One of the things I am suggesting in this book is that pastors take steps to cultivate contacts with I-2 intercessors. Most pastors I know experience from time to a time a certain person in the line of those leaving the church service gives them an especially warm handshake and says, “Pastor, I pray for you every day!” We often take that as a formality and do not pay any more attention to it than we do to the statement, “I enjoyed the sermon.” But in many cases there might be more to it than simply a formality. At least it is a pathway worth following because it might lead to discovering a personal intercessor truly anointed by God for supporting us in prayer.
A well-developed team of I-2 intercessors enjoys a two-way contact with the pastor. It is therefore essential to know who the I-2 intercessors are. Later on I will discuss the ways and means of identifying, screening, recruiting, servicing and maintaining these prayer partners. They obviously need to be kept better informed than I-3 intercessors. They also need to make themselves available to be called on for special prayer if and when a necessity arises.

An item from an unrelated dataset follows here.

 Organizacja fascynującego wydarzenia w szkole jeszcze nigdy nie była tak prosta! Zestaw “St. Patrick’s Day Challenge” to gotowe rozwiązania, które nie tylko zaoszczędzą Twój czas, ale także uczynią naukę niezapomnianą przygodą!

The optimum size of a group of I-2 intercessors is not yet know, mainly because we do not have a large enough number of viable examples to work with. John Maxwell likes his group to be 100, although not more. He has a waiting list of those who would like to be enrolled as prayer partners and he lets new ones in only as openings occur. I do think there is an upward limit of I-2 intercessors, but this would not apply to I-3s.
The main principle as I see it is to maintain a reasonably high level of commitment among I-2 intercessors, and that comes through a certain amount of intentional personal contact as I will detail later on. Therefore, the number of I-2 intercessors should not become too large to sustain necessary contact. It will take time. Some time on our schedules needs to be set aside for this contact. How much time is reasonable and appropriate is a question that must be answered in each individual case.

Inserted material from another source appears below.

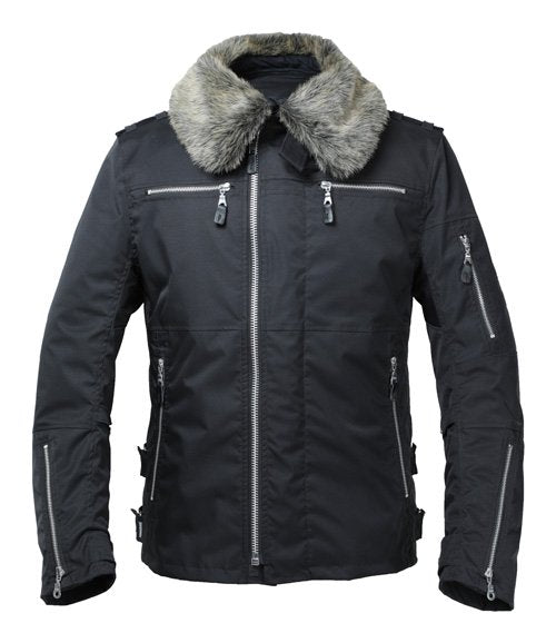 非常に高い防寒性と、動きやすくカジュアルな着こなしが楽しめるPOWERAGE冬の人気モデル。アウターは防水・透湿素材、フロントは3重構造で冷気の侵入をシャットアウト。ファー付きの襟を立てることで首元からの冷気の進入を遮断します。脱着式防寒インナーは中綿×なめらかな肌触りのボアの組み合わせで、保温性に非常に優れています。バイク用立体構造×ストレッチ素材で運動性も抜群。脱着可能な襟のファーとインナーを外せば春先まで大活躍。バイクでも街中でもワインディングでも。真冬はもちろん春でも秋でも着られる万能な一着です。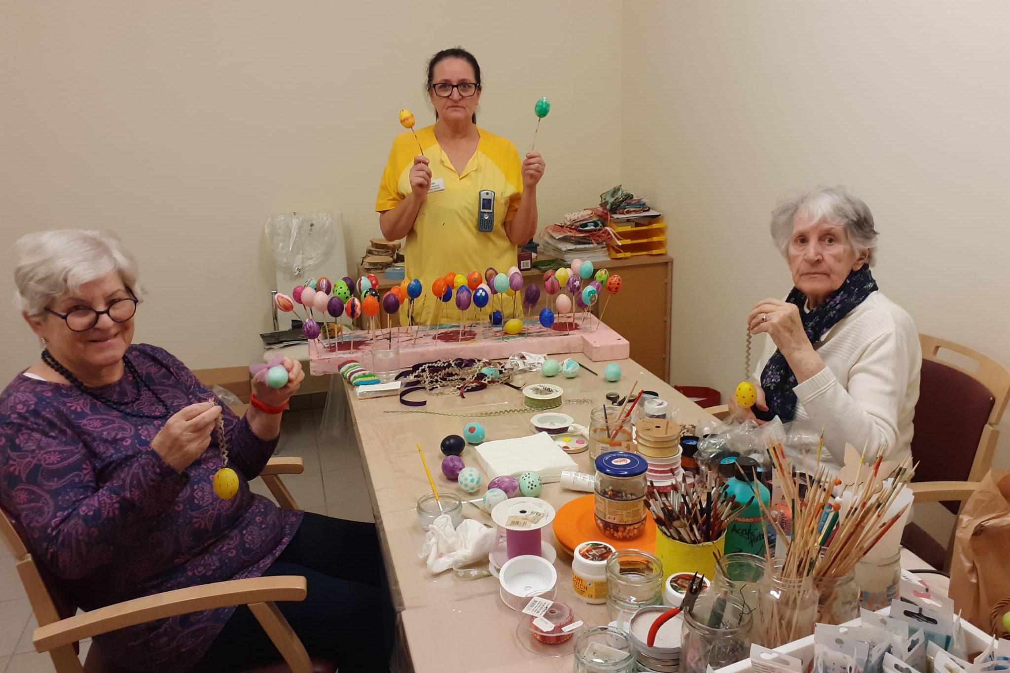 Im SeneCura Sozialzentrum Ternitz wurde in den letzten Tagen fleißig gewerkelt und dekoriert, denn die Bewohner:innen ließen ihrer Kreativität freien Lauf und gestalteten zauberhafte Osterdekorationen. Unter Anleitung des engagierten Betreuungsteams entstanden kunstvolle Hasen aus Holz, fröhliche Hühner, niedliche Eichhörnchen sowie liebevoll gestaltete Osterkränze und eine Fülle bunt bemalter Eier. Das gemeinsame Dekorieren war ein besonderes Highlight für viele und versetzte die Bewohner:innen in frühlingshafte Stimmung.

My wife, Doris, and I have 18 I-2 intercessors on our prayer team. Ten of them are members of our 120 Fellowship Sunday School class: Sandra Gilbreath, George and Pam Marhad, Joanna McClure, Dave and Jane Rumph, Erick and Joanna Stone, Lil Walker and Mary Wernle. Two, David and Maureen Anderson, attend another church in the area. Four are from Texas: Elizabeth Alves, Cindy Jacobs, Bobbye Byerly and Jane Anne Pratt. One, Mary Lance Sisk, lives in North Carolina, and one, jean Steffenson, lives in Colorado.
Somewhat predictable, 14 of 18 are women. There again is the approximately 80 percent I mentioned earlier.
The Gift of Intercession
Not all of our intercessors have the gift of intercession, although I think God has chosen to allow us the privilege of a rather high percentage of those with the gift for reasons I will mention later. Of our 18 I-2 intercessors, 10 (Elizabeth Alves, Maureen Anderson, Bobbye Byerly, Cindy Jacobs, Joanna McClure, Jane Anne Pratt, Mary Lance Sisk, Jean Steffenson, Mary Werle and Lil Walker) have been recognized as having the gift of intercession.
Doris and I consider the eight who do not have the gift of intercession as essential and precious to ourselves and our ministry as those who do. Some who do not have the gift are actually more committed to supporting us day in and day out than some who do. The center and guards are no less important on a football team than the running backs and the ends. It takes the whole group as a team to win.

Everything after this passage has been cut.